Au Brésil, des infrastructures privées sont mobilisées chaque année pour la campagne de vaccination contre la grippe. Par conséquent, un débat sur la possibilité d'une implication du secteur privé dans la campagne de vaccination contre la COVID-19 serait important.

En revanche, la possibilité réelle que le secteur privé puisse se procurer ces vaccins au cours du premier semestre 2021 est plus complexe qu'il n'y paraît, et soulève même des questions diplomatiques. Cependant, compte tenu du risque de surproduction de vaccins dans les pays développés au second semestre, ce scénario devient plus probable à partir de cette période.

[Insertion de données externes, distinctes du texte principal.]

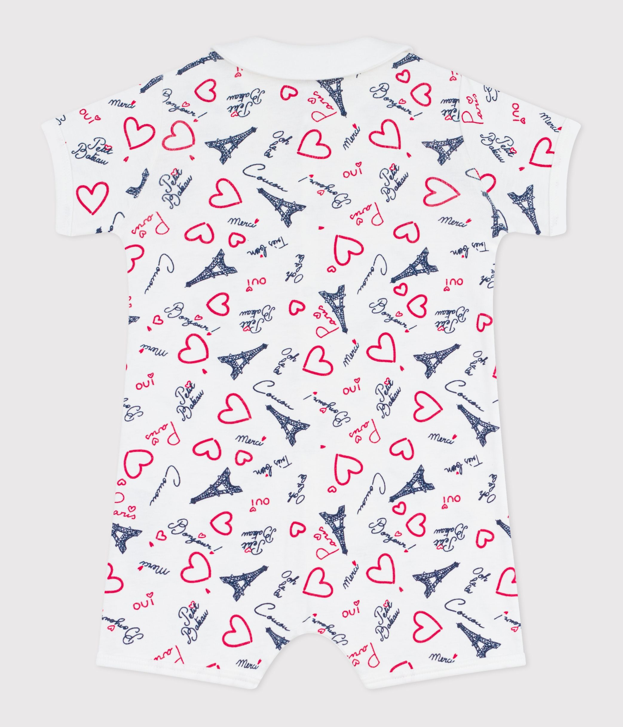 Babies' Paris print cotton playsuit with a collar

Responsabilité en matière de vaccination

Dans l'avant-dernier segment de l'épisode, la question de la clause d'exonération de responsabilité des laboratoires de production, fréquemment débattue récemment, a été abordée. Thomas souligne que le laboratoire ne peut être tenu pour seul responsable de ces effets secondaires extrêmement rares, mais peut être tenu responsable d'autres aspects tels que la production correcte du vaccin et l'omission d'informations sur les effets indésirables. Ce système est d'ailleurs recommandé par l'OMS, afin d'éviter les litiges de mauvaise foi concernant la production des vaccins.

Ces clauses ont été créées pour protéger les laboratoires contre d'éventuelles poursuites judiciaires de la part de personnes ayant subi des effets secondaires non causés par le vaccin, ou des effets indésirables si rares qu'ils n'auraient pas pu être prédits ou empêchés par le vaccin, même si celui-ci était parfaitement sûr.

À l'heure actuelle, des milliers de personnes dans le monde ont déjà été vaccinées contre la COVID-19. Dans le cas du vaccin Pfizer, par exemple, seulement cinq personnes sur un million ont présenté des effets secondaires indésirables bénins, ce qui démontre l'innocuité des vaccins.

Le gouvernement fédéral a-t-il usurpé l'identité des patients au sujet des vaccins ?

Thomas raconte avoir vu aux informations que le secteur privé brésilien avait acheté 33 millions de doses du vaccin AstraZeneca, dont la moitié serait donnée au SUS (système de santé publique brésilien). Cependant, ce laboratoire a déjà des pré-accords pour le plus grand nombre de ventes au monde, et les livraisons de ces vaccins sont retardées dans le monde entier. Venez découvrir l'excitation des jeux de casino en ligne depuis le confort de votre maison ! découvrir Vous aurez ainsi accès à une vaste sélection de divertissements, des machines à sous aux jeux de table, pour tous les goûts. Inscrivez-vous dès maintenant et tentez de gagner de gros lots !

L'hypothèse avancée par Thomas concernant la « manœuvre vaccinale » est que ces 33 millions de doses faisaient partie d'un lot que le gouvernement avait lui-même négocié pour acheter. Disposant de 100 millions de doses pré-commandées, le gouvernement aurait alors cédé au secteur privé le droit d'en acquérir 33 millions. Cette hypothèse est plausible au vu de l'analyse de la lettre adressée au laboratoire par le gouvernement brésilien. Dès lors, le gouvernement aurait vendu ses droits d'achat, ce qui expliquerait également le don de la moitié de ces doses au SUS (Système de santé publique brésilien).

Pour entendre cette analyse plus en détail, écoutez l'épisode n° 33 : Vaccins, avec Thomas Conti du podcast Economisto. cliquez ici.